==== DATA SEGMENT

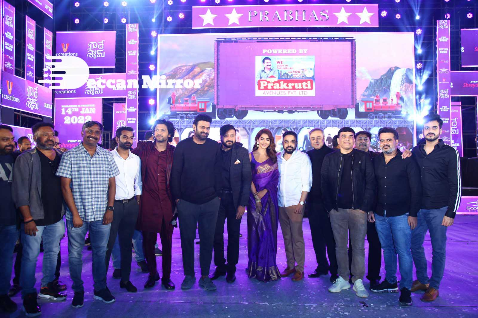 Pictures and Video of Radhe Shyam Pre-Release Event – attended by actors Prabhas, Pooja Hegde, Krishnam Raju, Director Radha Krishna, and others.
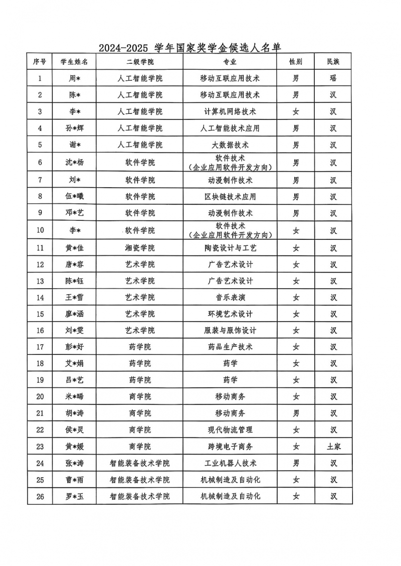 关于2024-2025学年国家奖学金候选人的公示
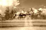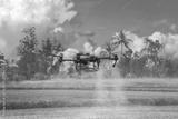 A drone effectively sprays pesticide over a farm field surrounded by lush green trees.

========

ACTIVITY: Begin at the line containing "关于2024-2025学年国家奖学金候选人的公示" and stop at the final line of the data. Retype those lines exactly, without the pictures.

WRITTEN ANSWER:
 关于2024-2025学年国家奖学金候选人的公示
 A drone effectively sprays pesticide over a farm field surrounded by lush green trees.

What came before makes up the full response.